Ceylin Türkkan Bilge, the Turkish designer behind Siedrés, agrees: she says crochet is “an excellent way to add dimension to clothing”. Based in Istanbul, she comes from a family of textile makers. “We can’t always find what we are looking for [in woven cloth], so making unique motifs from crochet allows us to create the designs we want.” This season, she turned ’90s-era daisy motifs into barely there tops, with a flower head covering each breast.

Memorial Day crochet bikini, $230 for set

Polo Ralph Lauren macramé skirt, £649

Weekend Max Mara cotton Pasticcino bag, £315
Crochet became a modern art form in the 1820s, reportedly evolving from an amalgamation of knitting, embroidery and lace-making (the word translates as “hook” in French). Early wares included purses, with the first English handbag pattern published in The Ladies’ Knitting and Netting Book in 1837. (Crocheted accessories have an enduring appeal too: this season, Chloé, Alanui and Colville offer myriad intricate bags and totes.) By the mid-1850s, it had spread through Europe and beyond.
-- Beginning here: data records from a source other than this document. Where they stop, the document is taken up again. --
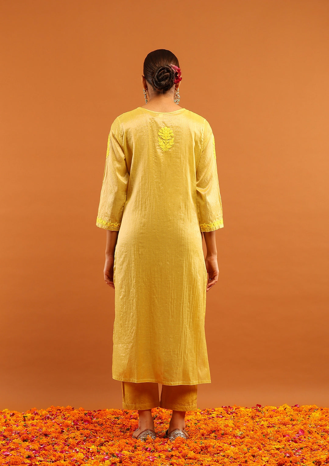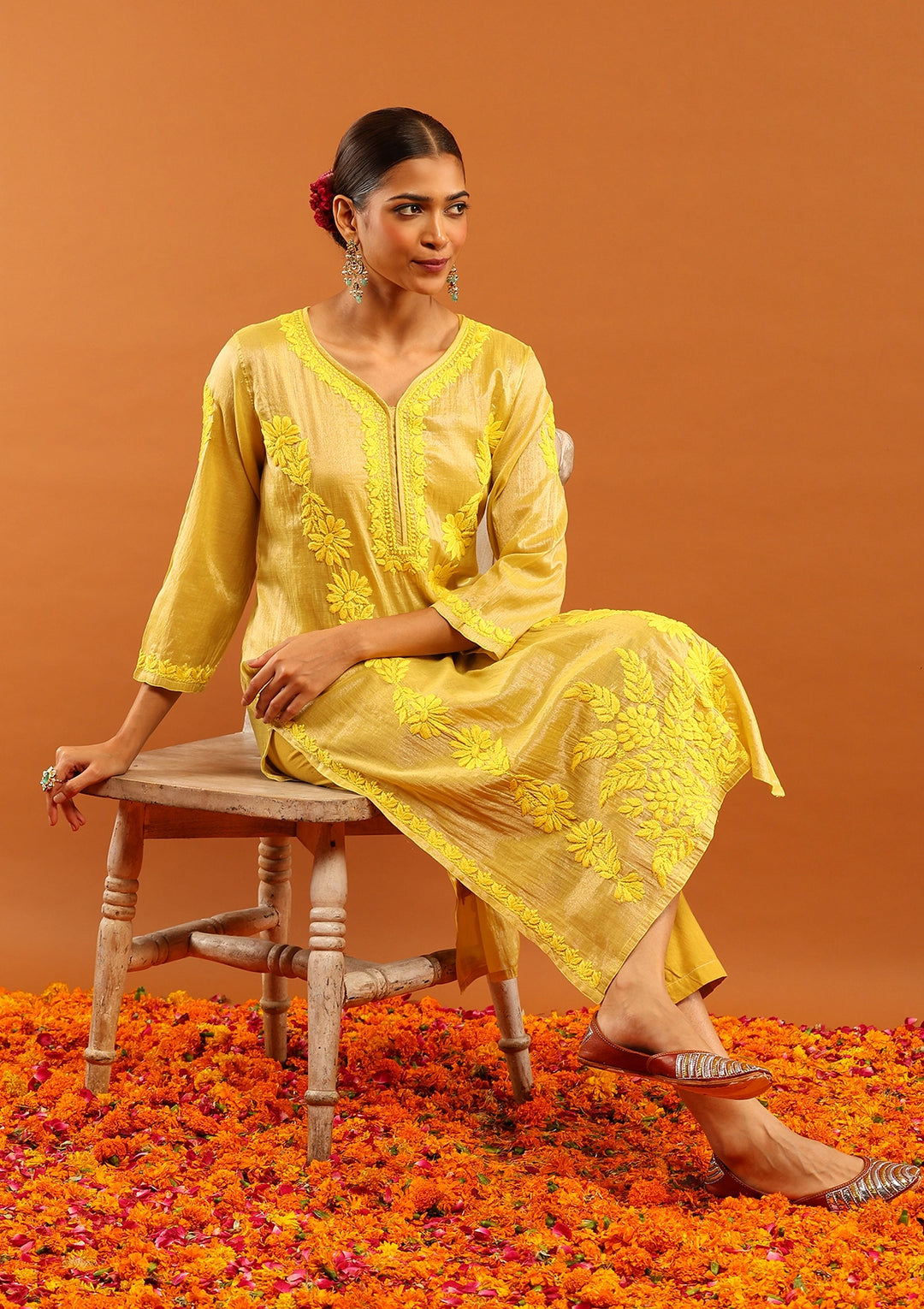 HOC Tissue Silk Chikankari Solid Women's Long Kurta With Inner-Yellow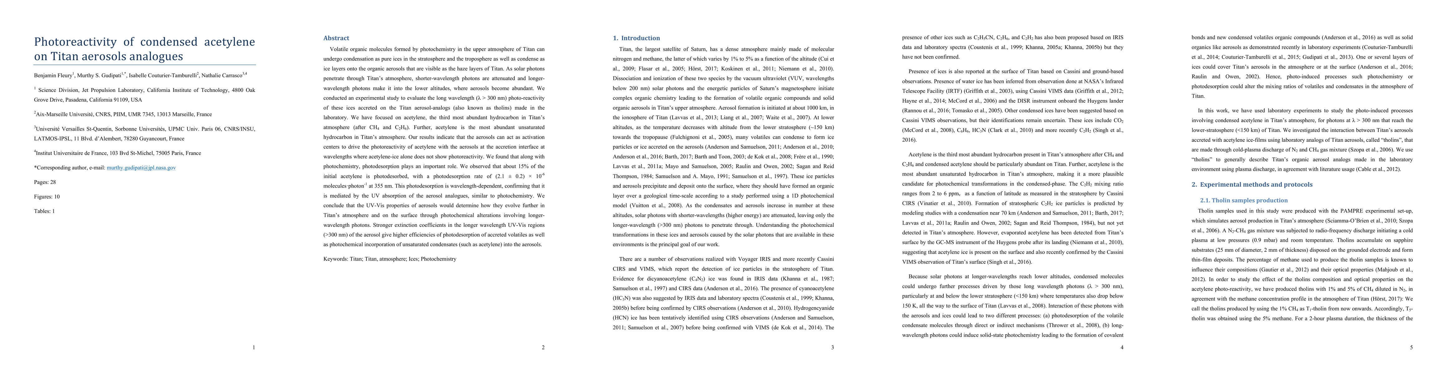 Volatile organic molecules formed by photochemistry in the upper atmosphere of Titan can undergo condensation as pure ices in the stratosphere and the troposphere as well as condense as ice layers onto the organic aerosols that are visible as the haze layers of Titan. As solar photons penetrate through Titan s atmosphere, shorter-wavelength photons are attenuated and longerwavelength photons make it into the lower altitudes, where aerosols become abundant. We conducted an experimental study to evaluate the long wavelength ( > 300 nm) photo-reactivity of these ices accreted on the Titan aerosol-analogs (also known as tholins) made in the laboratory. We have focused on acetylene, the third most abundant hydrocarbon in Titan s atmosphere after CH4 and C2H6. Further, acetylene is the most abundant unsaturated hydrocarbon in Titan s atmosphere. Our results indicate that the aerosols can act as activation centers to drive the photoreactivity of acetylene with the aerosols at the accretion interface at wavelengths where acetylene-ice alone does not show photoreactivity. We found that along with photochemistry, photodesorption plays an important role. We observed that about 15% of the initial acetylene is photodesorbed, with a photodesorption rate of (2.1 +/- 0.2) x 10-6 molecules.photon-1 at 355 nm. This photodesorption is wavelength-dependent, confirming that it is mediated by the UV absorption of the aerosol analogues, similar to photochemistry. We conclude that the UV-Vis properties of aerosols would determine how they evolve further in Titan s atmosphere and on the surface through photochemical alterations involving longer wavelength photons.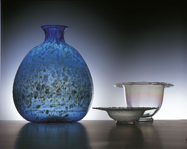 Houder voor luciferdoosje, asbakjes, vaasje en schotel
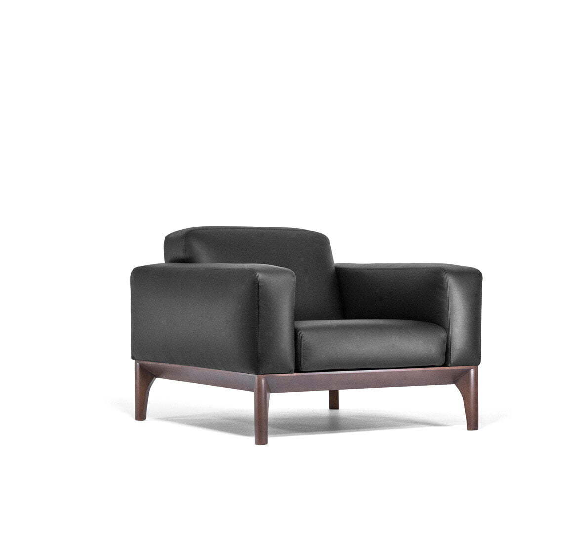 Ассортимент коллекции: двух- и трехместные диваны и кресло, выполненные в черной коже (задняя часть спинки – искусственная кожа) с деревянными опорами в гармоничном оттенке табака.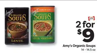 The Amy's Organic Soups is available this week in the weekly ad of Weis Markets, with an attractive discount. On this page, you’ll find all the information about current promotional prices, terms of the promotion, and special discounts. Browse through the weekly ad and check out other offers and promotions related to Amy's Organic Soups to ensure you get the best deal.The deal for Amy's Organic Soups is valid in week 05 and can be found in the current weekly ad. Has the deal expired? No worries, you can always check other interesting offers in the weekly ad. You can also follow the product category to be immediately informed when Amy's Organic Soups is back in the weekly ad of Weis Markets.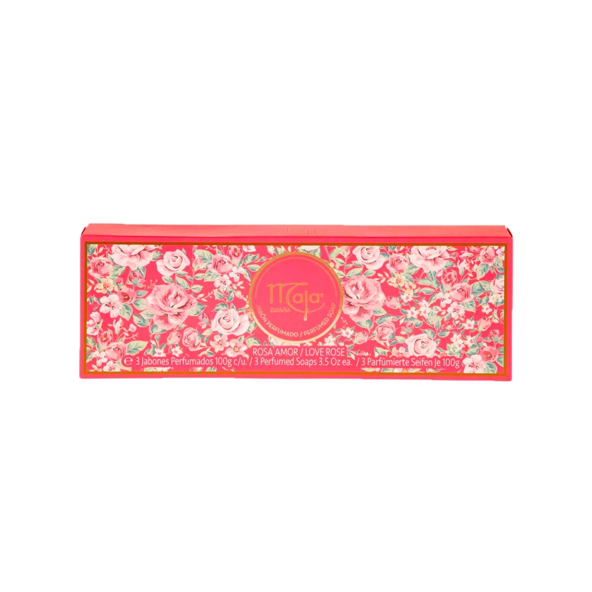 Set de jabones MAJA Rosa Amor x3 que limpian y perfuman la piel con una fragancia floral romántica.

“In Ukraine, crochet patterns come from astrology and numerology; in Athens, it’s more structured and less decorative; and in France, it almost look like lace,” says October, who referenced many types of crochet in her collection. This cross-cultural confluence of community is poignant for her. “I like that we’re reinventing pieces, giving them a new life while cherishing the stories and people behind them,” she says.
Many of these designers work with women-led cooperatives. Farm Rio operates in Brazil, while Bode’s delicate button-up shirts, designed for men but worn also by women, are handcrafted by artisans in India. Crochet has always been done “by women in very intimate settings”, says Rachel Scott, founder of New York label Diotima, who employs individual artists in Kingston, as well as a group on Jamaica’s north coast. Some of her dresses are starched: a tradition that Scott likens to “plastic covers on the couches”, protecting from wear and tear.
Türkkan Bilge works with specific groups in Anatolian villages, where “women are unable to receive an education as they are forced to marry at a young age… so they do handcrafts at home”. In Turkey, crochet has long been tied up with money: young girls receive pieces as dowries. “Craft becomes their only source of income,” she says. Supporting, rather than appropriating, has never been more important.

For SS23, these garments are woven with hopeful liberation and strength. It’s a notion felt by October, and also by Gabriela Hearst, who offered Grecian gowns with zany, swirling crochet patterns that riffed on the female reproductive system. The collection was a celebration of women and activists were cast alongside models on her runway, including Cecile Richards, the former president of the American healthcare organisation, and Lauren Wasser, an anti-toxic shock syndrome advocate. For Hearst, crochet – both intimate and intricate – was the perfect source of protest.
It’s a powerful narrative. Diotima’s Scott wants to “shine a light” on the exploitation of Jamaica’s craft industry; Gouw and her mother established their own Memorial Day collective to give women financial independence; Siedrés’ Türkkan Bilge wants to create economic security and opportunity. For these designers, crochet is the ultimate expression of soft power.